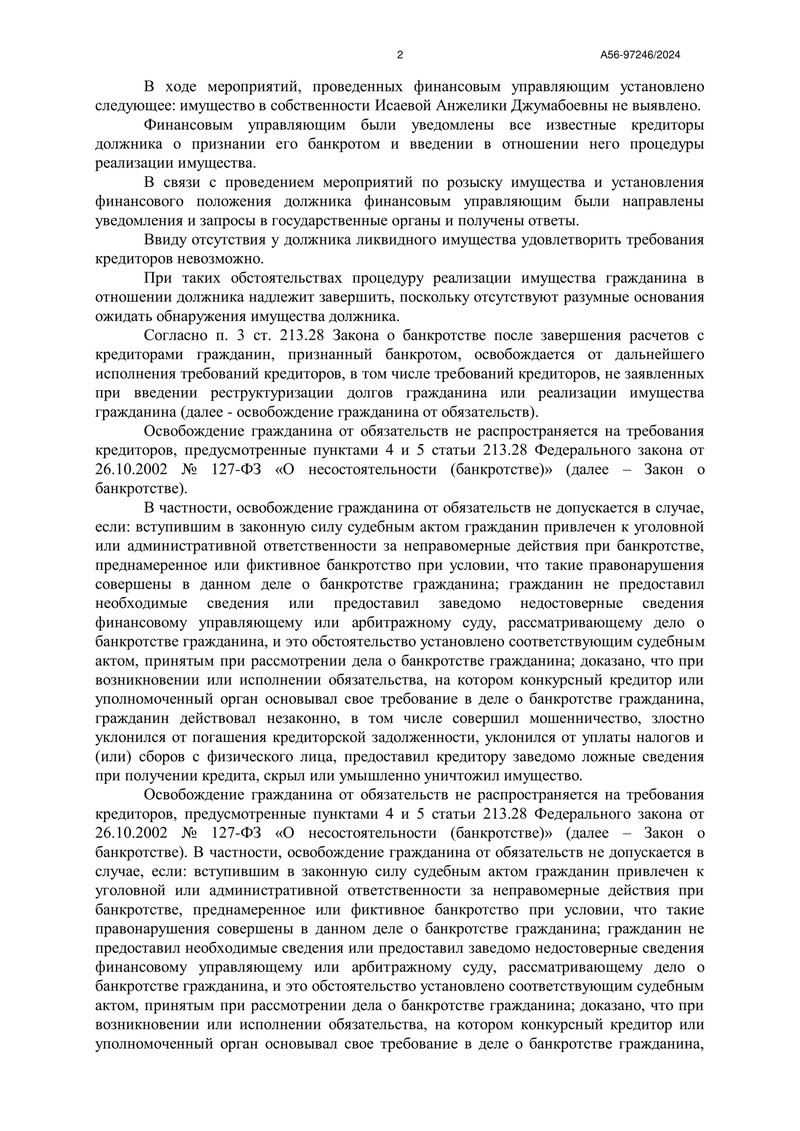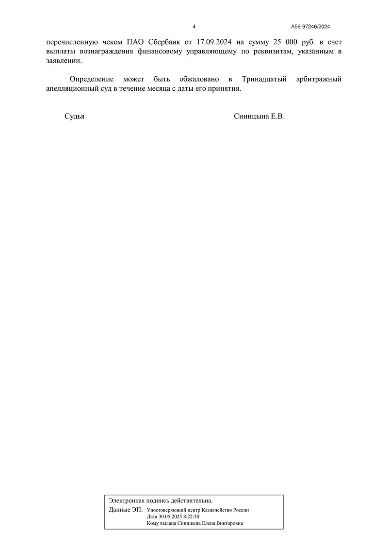 - Финансовый управляющий представил в суд ходатайство о завершении процедуры и отчет о проделанной работе, включая ответы госорганов на его запросы.
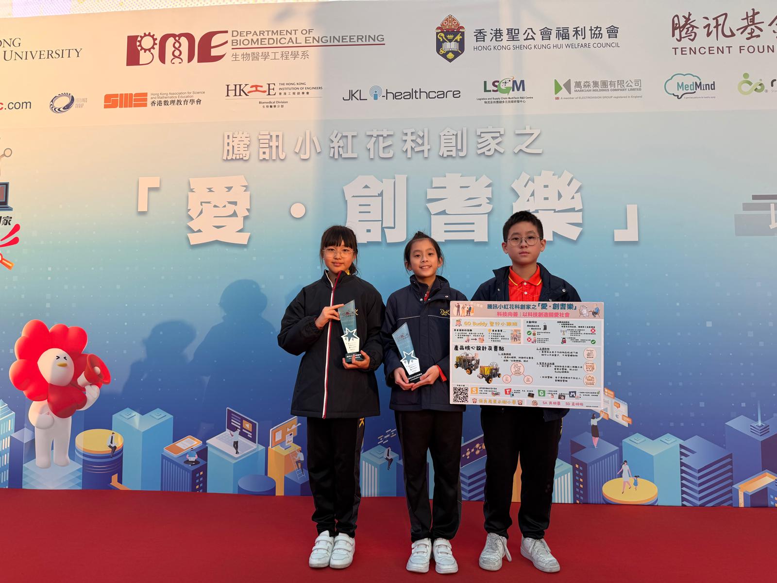 本校學生於1月10日參加騰訊小紅花科創家之「愛創耆樂」設計賽,向公眾及評審介紹自己設計的樂齡科技產品GO Buddy 智行小跟班,並獲得最佳設計大獎及最具創意及創新獎。
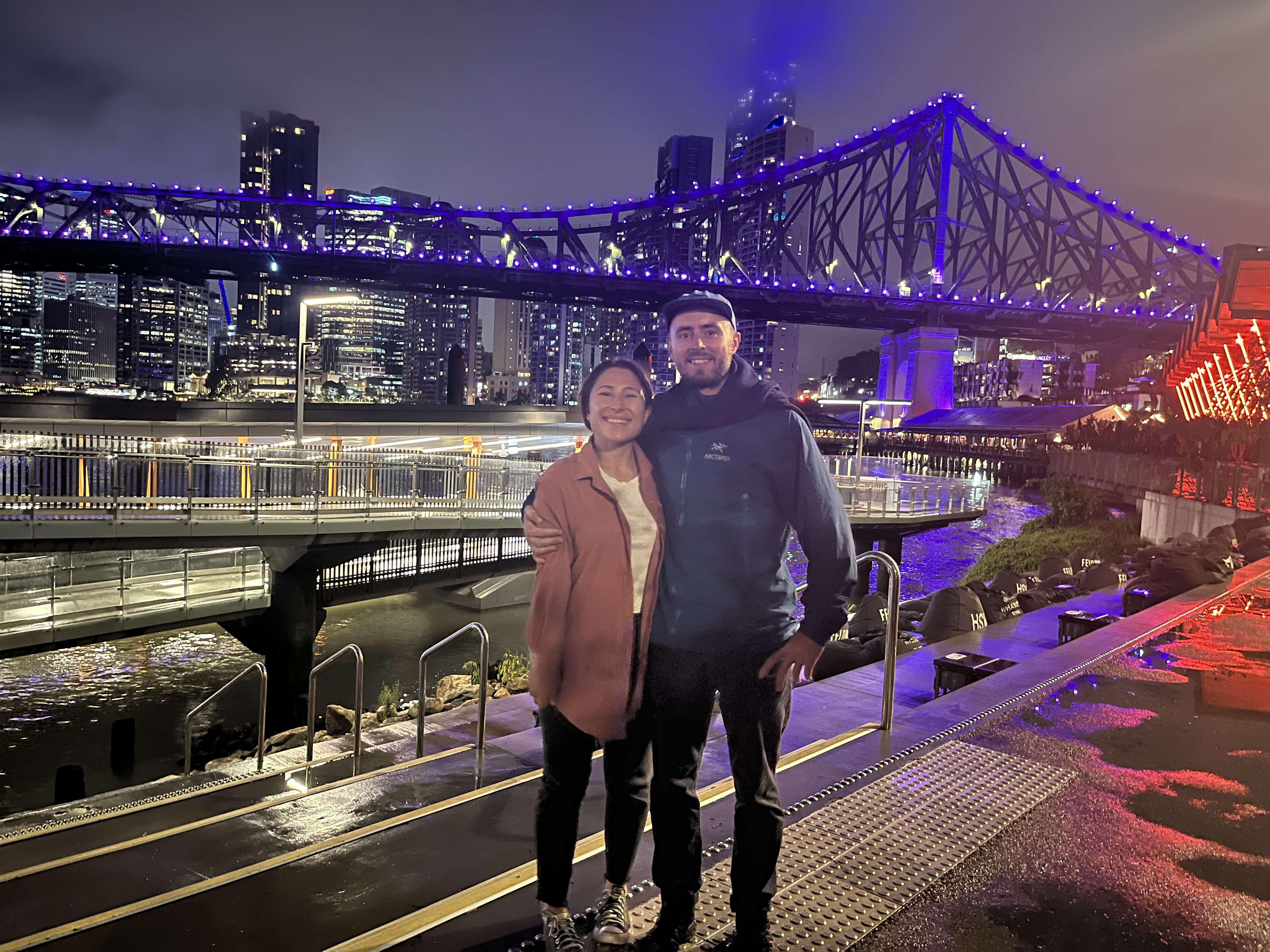 We landed in Brisbane in the early evening to the biggest rainstorm that we had experienced since arriving in Australia. We were staying in the city for the night before George’s mom caught her flight back to England the next morning. We walked along the water and enjoyed the beauty of the city lights before having a final meal with George’s mom at a restaurant on the waterfront.
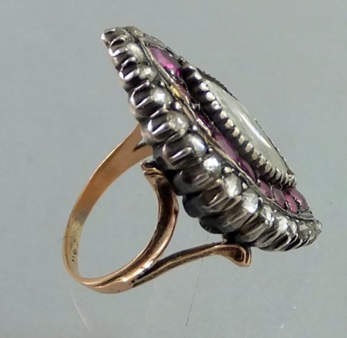 English ca 1770 gold and silver ring set in the middle with a single diamond / weighing over one carat / , surrounded by one row of diamonds and one row of burma rubys.A are foiled from underneath.
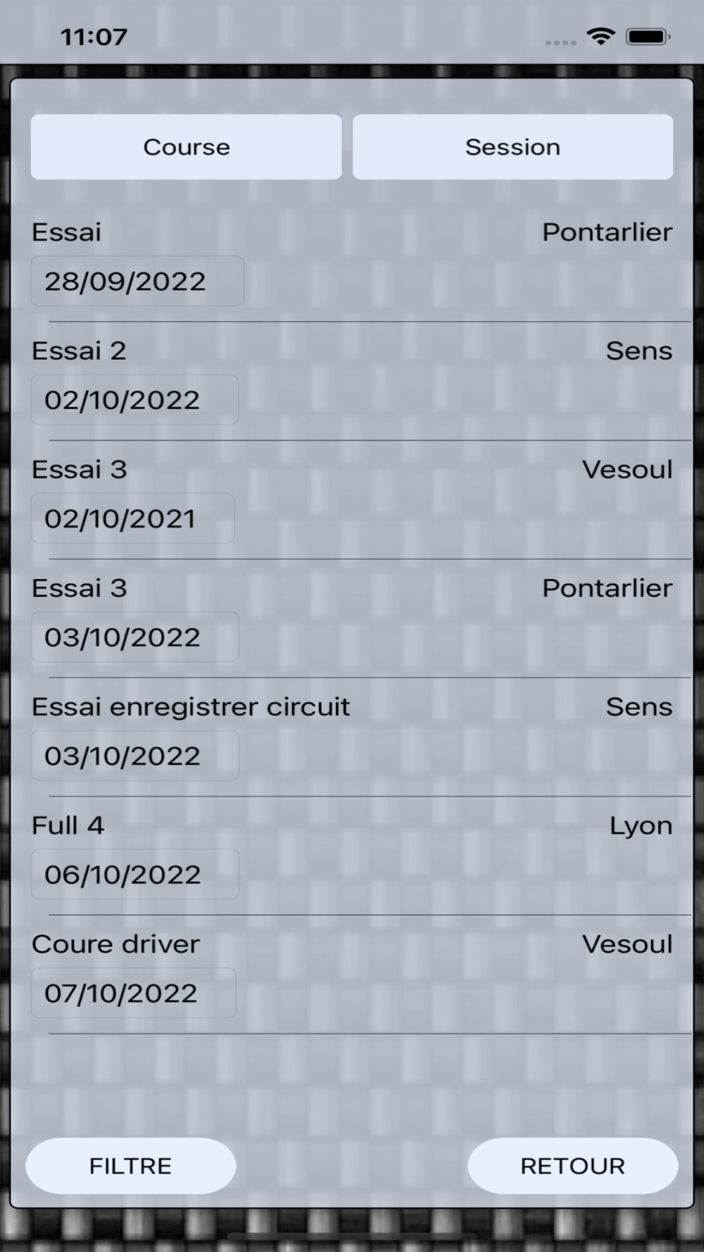 Chaque résultats peuvent être enregistré, séparément ou par course complète, vous pouvez les visualiser plus tard dans votre liste de session ou de courses que vous pouvez filtrer par nom de pilotes, circuit ou date.
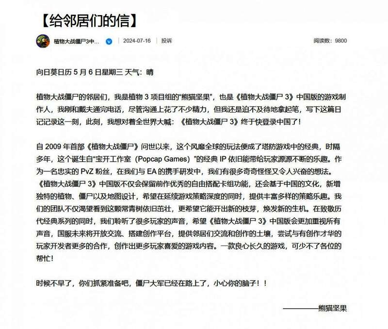 此外,他还表示《植物大战僵尸3》中国版会更加重视所有声音,国服未来将开放交流、搭建创作平台,提供邻居们交流和创作的土壤,尝试与有创作才华的玩家开发者更多的合作,创作出更多玩家喜爱的游戏内容。
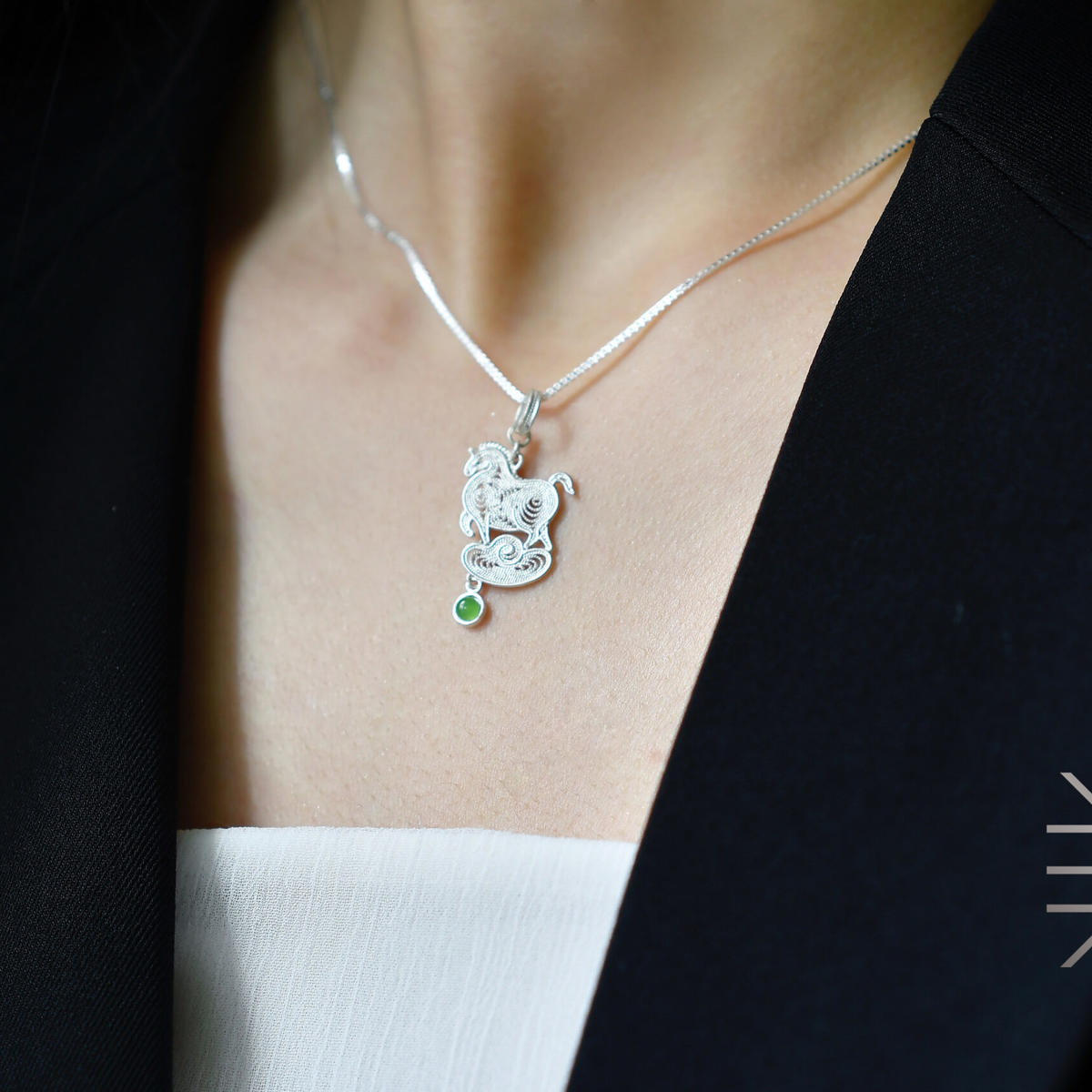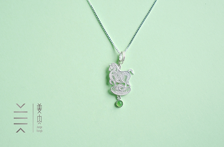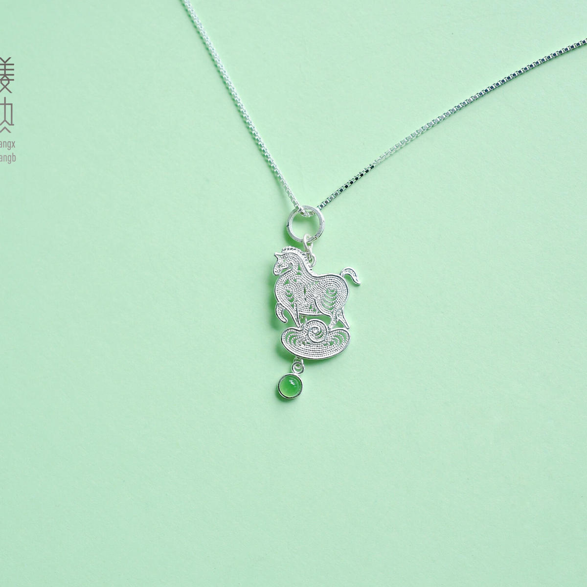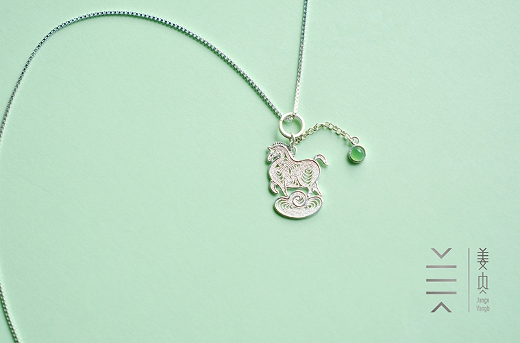 A Pure Silver Pendant – A Steed Galloping on Auspicious Clouds
-------------------------
EXERCISE OBJECTIVE:
Nothing but the lines from the line holding "此外,他还表示《植物大战僵尸" through the last line of the entries above is to be reproduced, exactly and without pictures.

OUTPUT FOR THIS TASK:
 此外,他还表示《植物大战僵尸3》中国版会更加重视所有声音,国服未来将开放交流、搭建创作平台,提供邻居们交流和创作的土壤,尝试与有创作才华的玩家开发者更多的合作,创作出更多玩家喜爱的游戏内容。
 A Pure Silver Pendant – A Steed Galloping on Auspicious Clouds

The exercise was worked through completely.